▼
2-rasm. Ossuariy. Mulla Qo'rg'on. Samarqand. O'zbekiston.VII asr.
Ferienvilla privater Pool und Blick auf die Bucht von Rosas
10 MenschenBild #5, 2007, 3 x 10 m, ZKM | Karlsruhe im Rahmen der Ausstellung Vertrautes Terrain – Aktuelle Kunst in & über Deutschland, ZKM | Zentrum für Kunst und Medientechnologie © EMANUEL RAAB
▲
▼
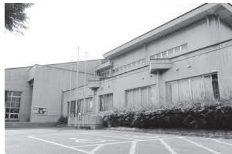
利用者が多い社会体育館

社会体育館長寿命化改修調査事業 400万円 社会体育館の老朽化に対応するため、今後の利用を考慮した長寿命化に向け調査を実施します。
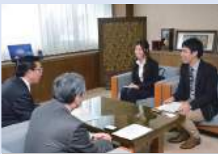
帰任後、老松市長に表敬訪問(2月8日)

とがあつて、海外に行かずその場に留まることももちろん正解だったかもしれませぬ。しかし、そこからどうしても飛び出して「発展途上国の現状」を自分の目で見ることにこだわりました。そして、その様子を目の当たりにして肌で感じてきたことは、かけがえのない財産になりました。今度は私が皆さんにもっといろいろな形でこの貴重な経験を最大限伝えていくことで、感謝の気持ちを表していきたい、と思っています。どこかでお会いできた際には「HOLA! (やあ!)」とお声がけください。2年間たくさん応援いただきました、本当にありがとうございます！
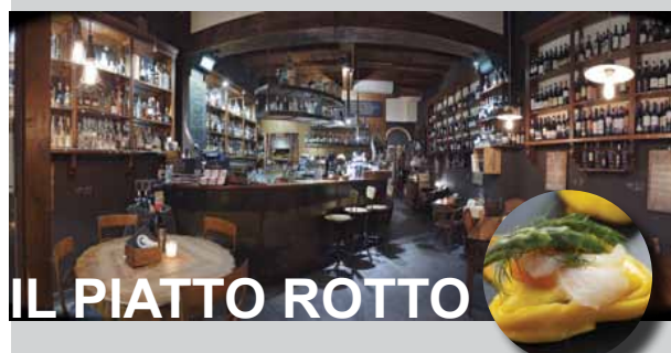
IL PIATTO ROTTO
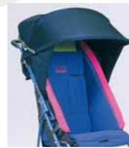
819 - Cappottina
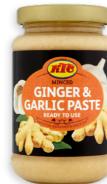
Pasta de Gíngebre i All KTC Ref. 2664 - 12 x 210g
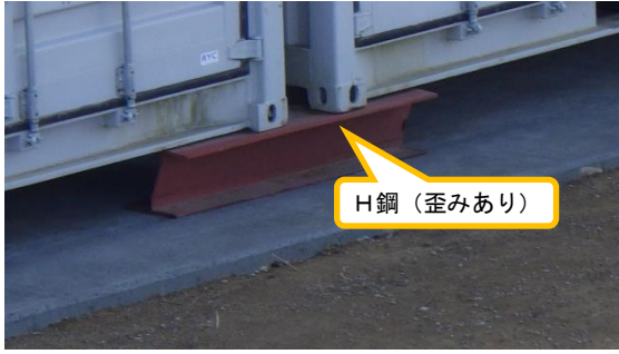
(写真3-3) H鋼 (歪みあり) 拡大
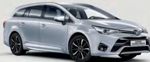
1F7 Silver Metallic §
▲
▼
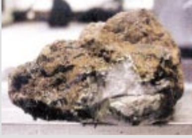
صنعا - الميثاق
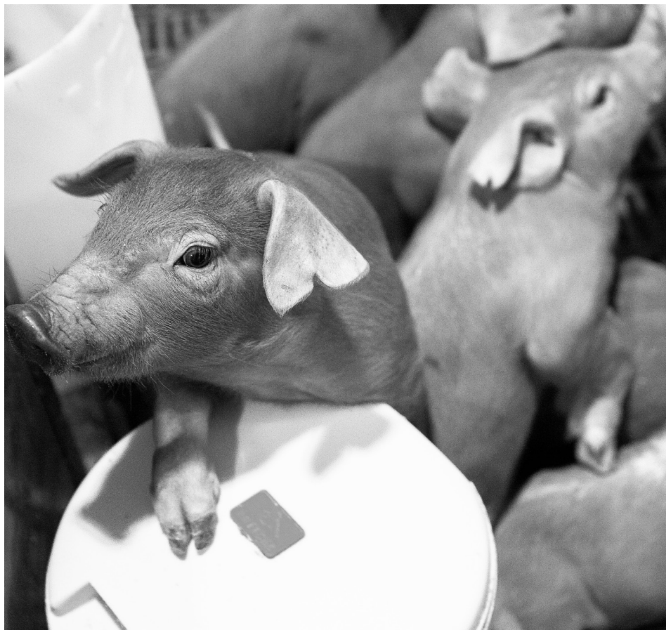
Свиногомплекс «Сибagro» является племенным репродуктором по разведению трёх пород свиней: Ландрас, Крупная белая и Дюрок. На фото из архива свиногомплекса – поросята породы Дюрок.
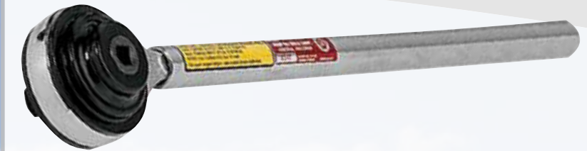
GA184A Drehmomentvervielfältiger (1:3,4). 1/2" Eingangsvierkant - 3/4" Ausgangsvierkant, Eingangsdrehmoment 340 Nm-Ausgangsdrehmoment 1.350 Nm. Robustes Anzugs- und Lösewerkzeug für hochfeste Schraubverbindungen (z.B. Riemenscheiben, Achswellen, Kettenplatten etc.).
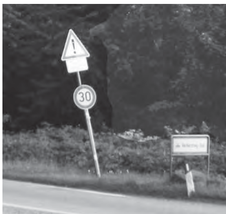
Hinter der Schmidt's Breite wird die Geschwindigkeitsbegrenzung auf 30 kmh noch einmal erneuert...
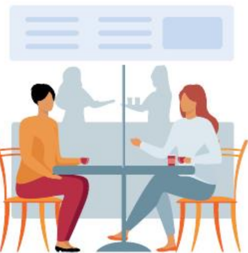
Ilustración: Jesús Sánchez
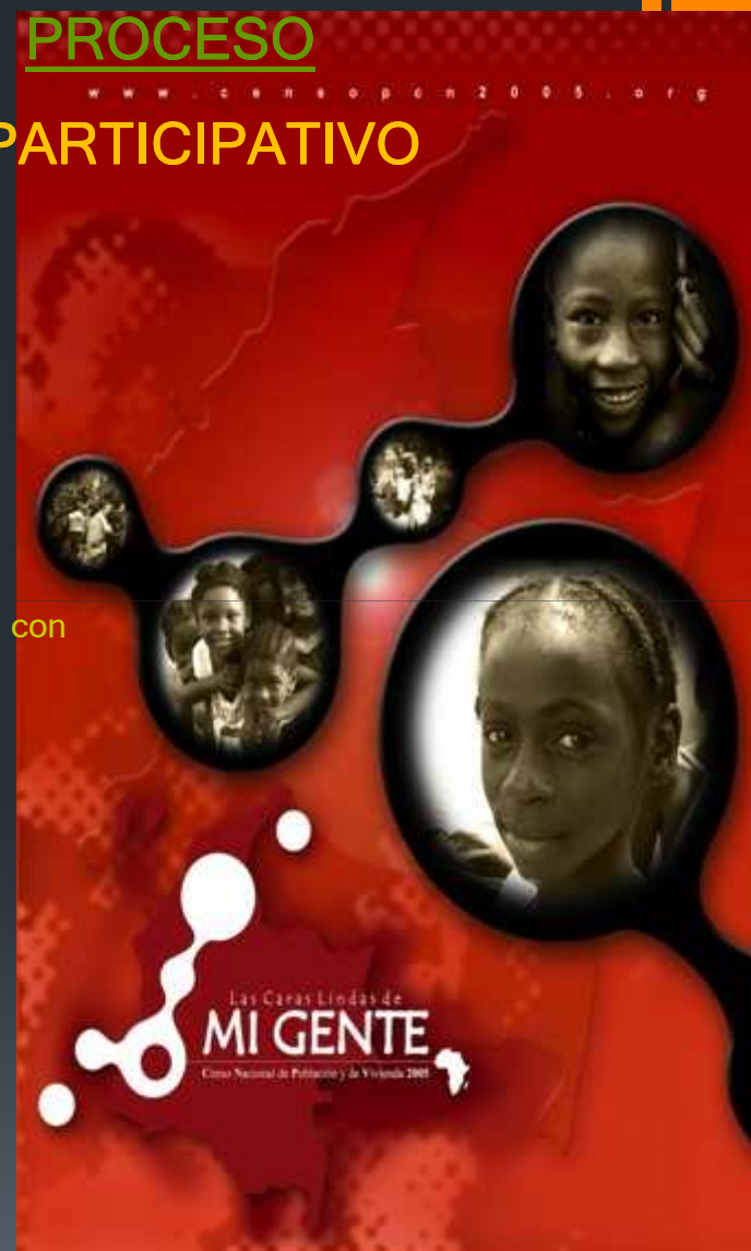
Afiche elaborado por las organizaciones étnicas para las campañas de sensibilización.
▲
* [What to do]:
The reply should hold the entries above from the line with "IL PIATTO ROTTO" to the line with "1F7 Silver Metallic §", duplicated exactly, pictures excluded.

* [Your solution]:
IL PIATTO ROTTO
819 - Cappottina
Pasta de Gíngebre i All KTC Ref. 2664 - 12 x 210g
(写真3-3) H鋼 (歪みあり) 拡大
1F7 Silver Metallic §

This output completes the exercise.